* [TASK STATEMENT]
Every line from the one holding "National Park sign" through the one holding "The Evansville dealership" in the data below must be returned exactly, both ends included, with pictures left out and nothing else added.

* [TASK DATA]
* * * * * * * * *
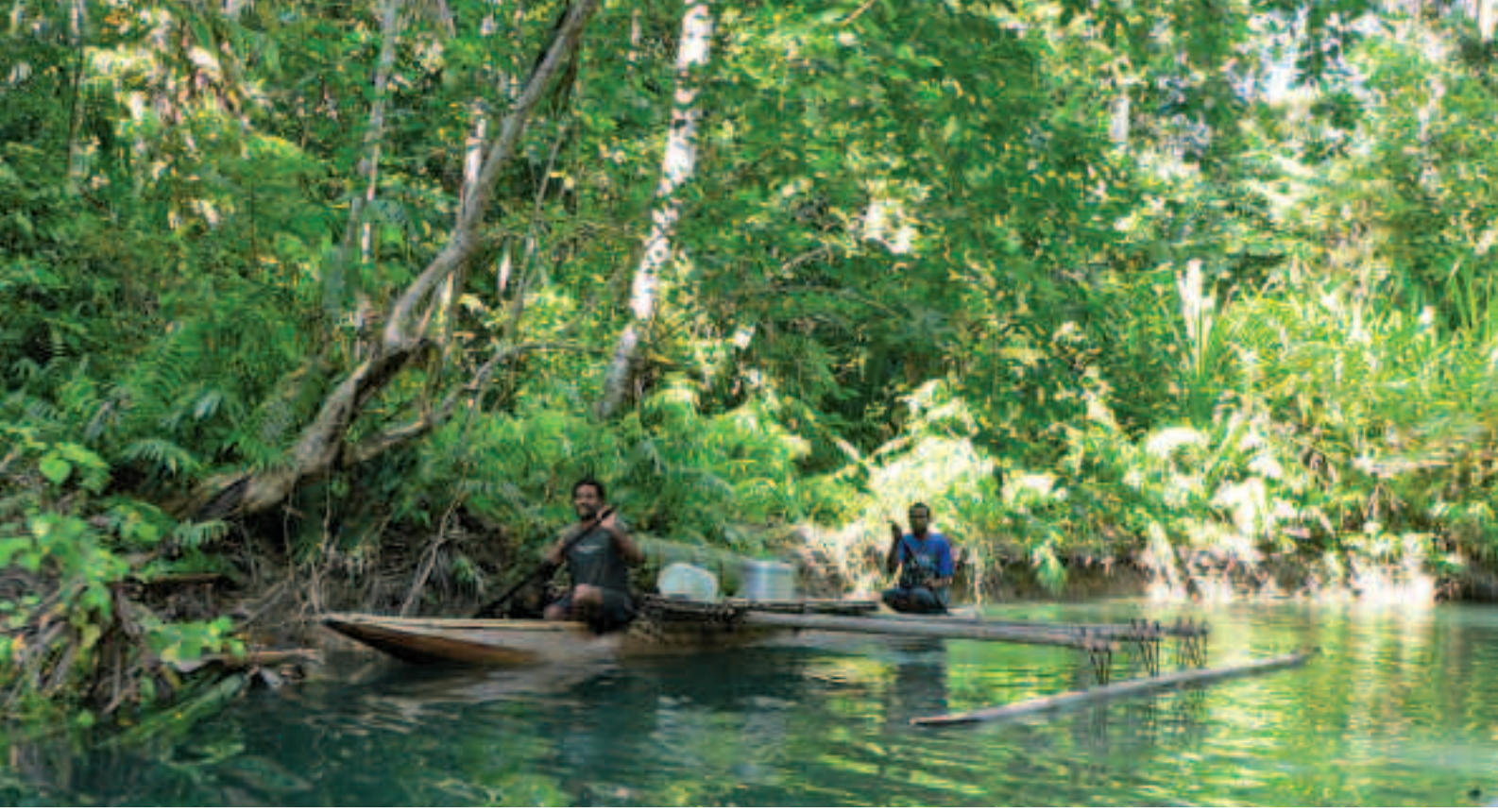
Distributing supplies in Oro Province, Papua New Guinea.
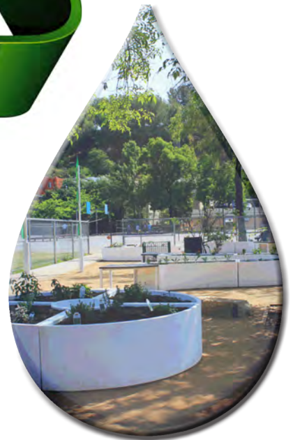
Kennedy ES SEEDS Learning Garden
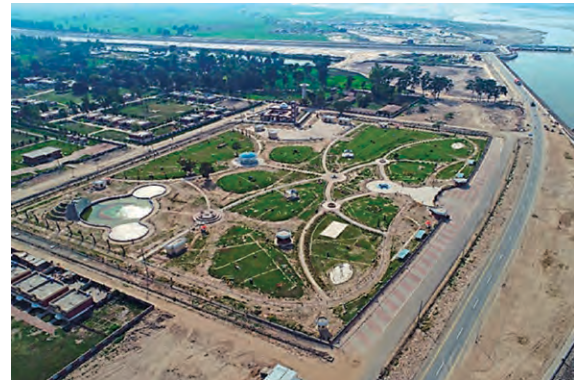
> Figure A11: Bird's eye view of the recreation park. Located on the left bank with the barrage visible in the background.
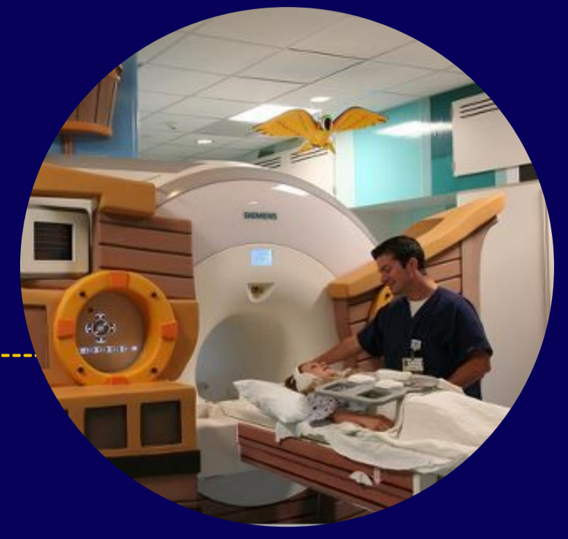
>85,000 families >2,000 ICU admissions 21,000 pediatric surgeries Annually
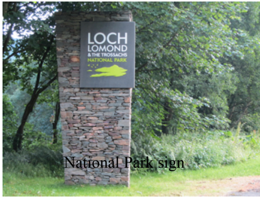
National Park sign

Just beyond the farm, turn right up Station Road, and after about 100 metres keep right towards the Station Caravan Park.
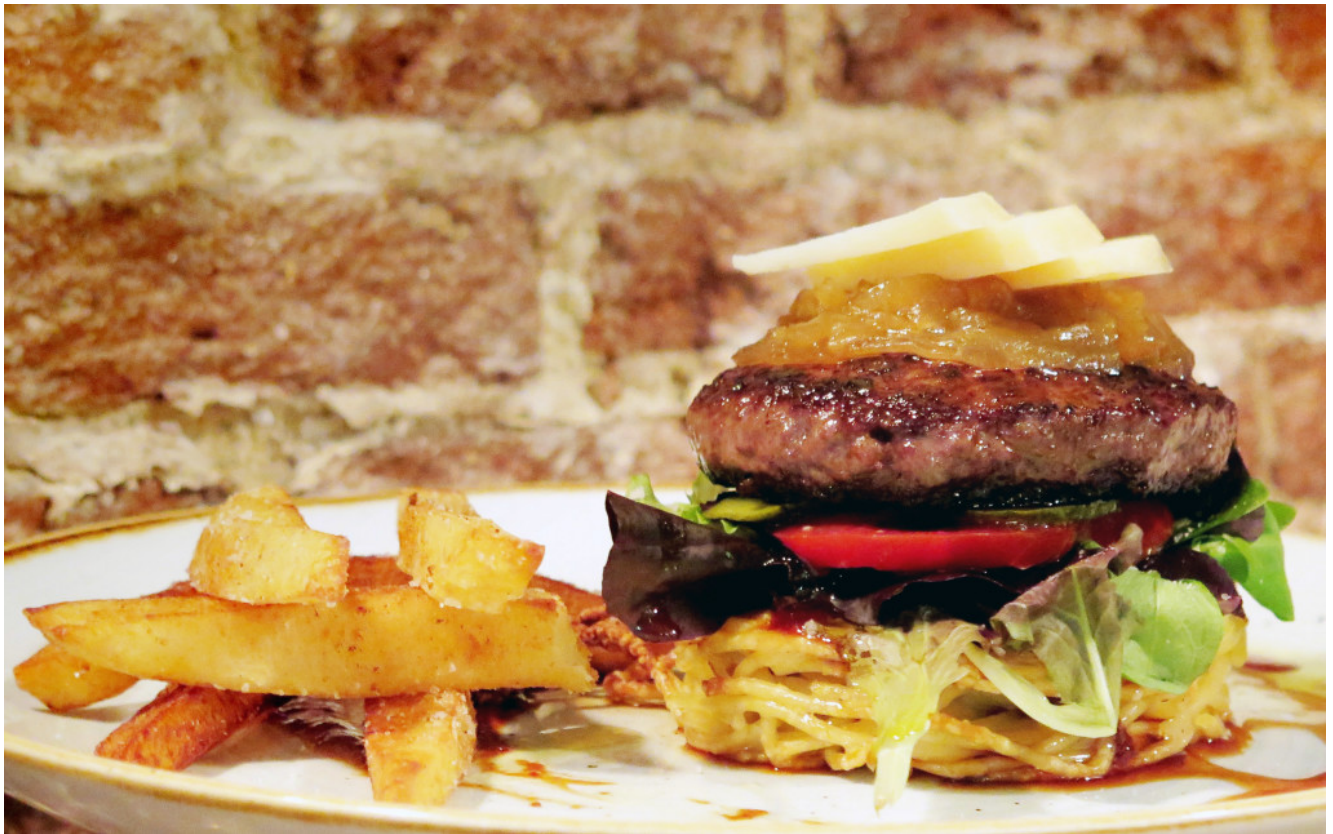
The Spaghetti Burger
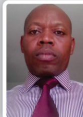
ZWALPON SALE FIRE SERVICE, LPC

I am indifferent to the above statement as letting go depends on the situation and circumstances. I equally agree to some extent, but it cannot be completely erased from one's mind but simply just to allow peace to reign.
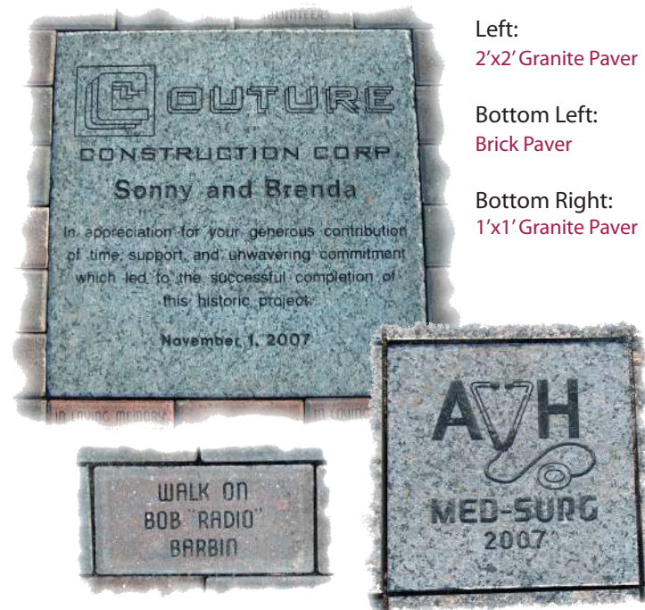
Left: 2'x2' Granite Paver

In addition to celebrating 50 years, the Auxiliary is looking ahead to 50 more years of service to the Hospital and community. The "Impressions of Care" Lighted Walkway Project marks the beginning of a new era.
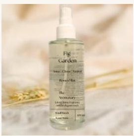
Fig Garden Anise | Citrus | Amber
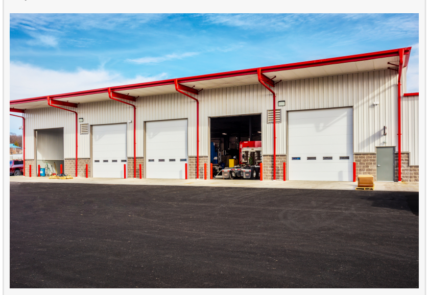
The Evansville dealership can now service more trucks with 15 total service bays including a wash bay.
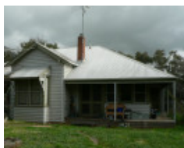
Gowan Brae, 1038 Bridge Road Teesdale, extension to Edwardian section
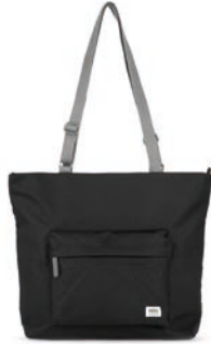
ASH MEDIUM RECYCLED CANVAS
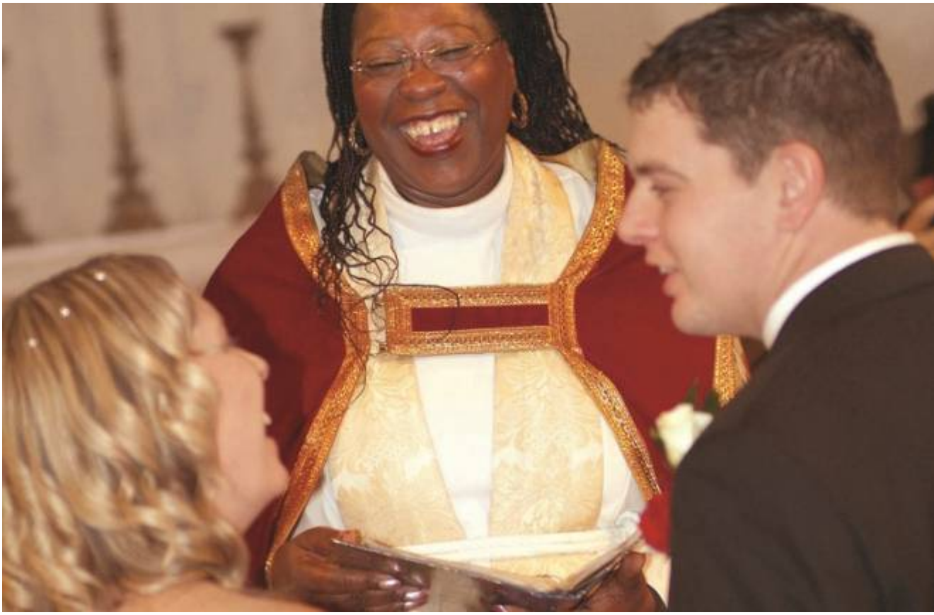
Meeting the vicar
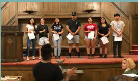
JUSTICE ORGANIZATION OF YOUTH (JOY)
* * * * * * * * *
* [RESULT]
National Park sign

Just beyond the farm, turn right up Station Road, and after about 100 metres keep right towards the Station Caravan Park.
The Spaghetti Burger
ZWALPON SALE FIRE SERVICE, LPC

I am indifferent to the above statement as letting go depends on the situation and circumstances. I equally agree to some extent, but it cannot be completely erased from one's mind but simply just to allow peace to reign.
Left: 2'x2' Granite Paver

In addition to celebrating 50 years, the Auxiliary is looking ahead to 50 more years of service to the Hospital and community. The "Impressions of Care" Lighted Walkway Project marks the beginning of a new era.
Fig Garden Anise | Citrus | Amber
The Evansville dealership can now service more trucks with 15 total service bays including a wash bay.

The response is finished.